Note: Two inspirations should be acknowledged here at the get-go. One is the somewhat new and more than a little chilling (for its discoveries, not its practice) field of biomonitoring, a.k.a. assessing the Body Burden imposed on you and me by our, ahem, chemically rich modern environments (bear with that linked page, folks, it can be slow to load). To summarize the study that partially inspired this blog, which I became aware of while doing some consulting for Whole Earth Magazine: in 2000, the Environmental Working Group in Washington, D.C., in collaboration with Mount Sinai School of Medicine in New York City, set out to measure the toxic-chemical contamination of nine test subjects—among them the DC-based journalist Bill Moyers and Marin County–based Michael Lerner, the president and founder of Commonweal, a health and environmental research institute. (Why just nine? These tests are very expensive, so they went high-profile on the test subjects to raise awareness.) While it will not, perhaps, strike many readers as odd that the entire test group was chock full o’ toxins, what was surprising to me, at least, was that Lerner, basically your typical tree-huggin’, granola-munchin’, clean-livin’ Marinara, had more toxins in his system than Moyers, the jet-hoppin’, late-night-airport-food-court dinin’, second-hand-smoke-in-public-places-inhalin’ Beltway-dweller.
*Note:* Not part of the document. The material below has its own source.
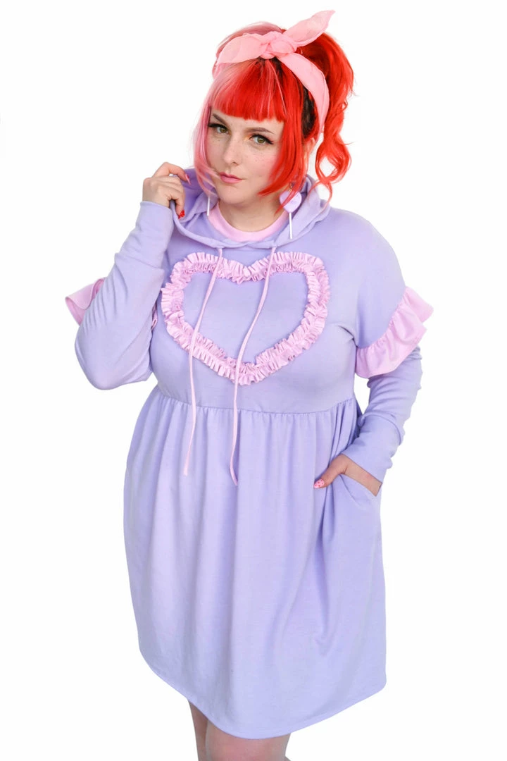 Ultra soft lavender hoodie dress with pockets and a soft pink ruffle heart on front!
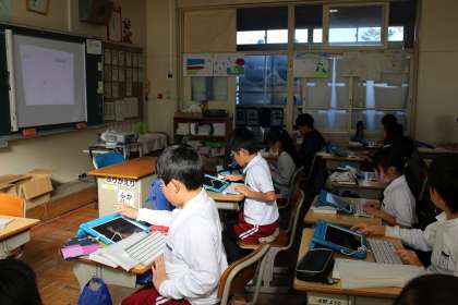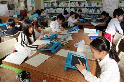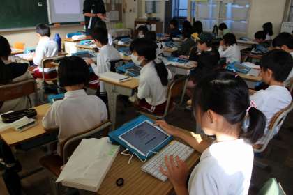 学習用タブレットを活用して、タイピングの練習をしました。国語の時間には、自分の身の回りにある道具について、興味をもったものの作られ方などについて調べ学習をしました。

Can you win? No, you can’t win. But do check out the EWG site, if you can get it to load. You can also read more about Body Burden studies here. (I’m not as familiar with this organization, the “Coming Clean Network,” but I see one of the principals is Sharyle Patton, another Body Burden test subject and an expert on chemical transmission in breastmilk—as well as another Commonweal higher-up and Lerner’s wife to boot.)

The second inspiration wasn’t a conscious one at first, but it popped into my head recently, and now it seems pretty obvious: Primo Levi’s great book The Periodic Table, which you can buy from an independent bookseller here. So all props to Primo, and may no readers be so unkind as to compare my poor little blog to his work.